2005年度 第3分野講評
審査員: 中川朋子(東北工業大)・中村 匡(福井県立大)・藤本正樹(東京工業大)・吉川顕正(九州大)
●総評

審査員A
 研究に当たっては、先人と同じ解析手法を用いる場合もあると思いますが、何が未解決の問題なのか、それがなぜ重要なのかを意識しないと「同じ解析をしました、前の論文と合いました、違うところもありました、理由はこうだと思います」というだけで終わってしまう危険があります。今回、これに近い発表がいくつかあったのは残念でした。解析の手順は先行の論文に従うものであっても、自分はどう考えるのか、そのため何を検証すべきなのか、疑問を立て直しながら進む必要があります。
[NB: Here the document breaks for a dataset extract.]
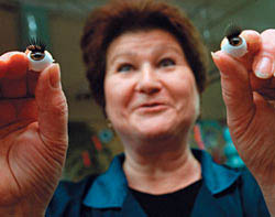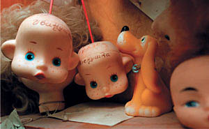 Безликие кукольные головы из конфетных ящиков обретают подобие индивидуальности после того, как на страшноватых агрегатах, напоминающих вдвое увеличенные швейные машинки, им вшивают волосы. Одна и та же голова относится к целому семейству, или, как говорят здесь, образу, кукол. К примеру, снабдили голову русыми волосами — получилась Маша, голубыми — вот вам и Мальвина. "Почему-то никто, кроме нас, не делает Мальвину с голубыми волосами,— кипятится Юрий Дмитриев.— С какими угодно делают, а с голубыми — только мы!"

プレゼンテーションの導入部の準備は、何が問題かを考え直す良い機会です。未解決の問題の重要性を聴衆に共感してもらえるようなイントロダクションを心がけると良いです。受賞論文には、明確な問題意識が感じられたものが選ばれました。
 今回、ポスターの発表は良く準備してこられたものが多く、改善がみられました。

審査員B
 毎度のことですが、予定調和的な、或いは過去の研究のこの部分を発展 させた、突き崩したといった研究が多いというのが第一印象です。どの発表も基本的なレベルは高いのですが、それだけでは迫力は伝わってきません。取りあえず与えられたテーマをこなしている人も多いででしょうが、研究をつうじて身につけた、他人に絶対負けないものの見方・考え方・フィロソフィーをもっとアピールしてもらえばと思います。その部分を諸兄に叩かれることが、研究を一流にしていく一番の近道ではないでしょうか。また、語りたいことが多い故にてんこ盛りが過ぎ、せっかくの研究成果の焦点がぼやけてしまう傾向の発表が多々見受けられました。包括的な視点で内容を整理し、よりシンプルな切り口の発表を目指すことが、より本質的な理解へとつながるのではないでしょうか。

審査員C
 前年に続いて全体のレベルは高く,本学会の将来を考えると頼もしいかぎりです。ただ,昨年よりも,作業をしました,というだけの発表が目だった気がしました。たとえば観測やシミュレーションなどで,「このパラメーターが変化すると,こっちのパラメーターも変化することがわかった」というような結論をいくつかみかけだが,それは単なる事実の羅列で,面白い科学ではないと思います。

審査員D
 京都はしばしば訪れるのだが街を歩くほど時間がある機会はそれほどなく、今回数年ぶりにそうしてみて驚いたのは「町屋ダイニング」の多さであった。町屋が魅力的な雰囲気を持っていることには気づいていたが、以前は関心の持てない商品を扱う、あるいは何をやっているのかわからない店であることがほとんどだった。それらが最近、タパスバーやらリストランテやら居酒屋に次々と改装されているらしい。世代交代が勢い良く進んでいるのであろう。もっとも最初は町屋とダイニングという組み合わせの珍しさだけで客入りがいいだろうが、これだけ多いと、やはり、本物だけが残っていくのだろう。
 この流れで今回の学生発表の全体講評を述べる。というのも、今回の受賞者は、(1)新しい観測機器開発、(2)シミュレーション結果の丹念な解析、(3)埋もれていたデータの掘り起こし、(4)データの徹底的解析、という点が高く評価された5名であったからである。こういう評価は本人たちには不満があるかもしれないが、「町屋」に喩えることの出来る魅力的な基盤の上に、しかしそこに胡坐をかくことなくsomething elseを加えていく姿勢が心強く評価されたのだと思う。そして、本物だけが生き残っていくのだ、ということも繰り返しておきたい。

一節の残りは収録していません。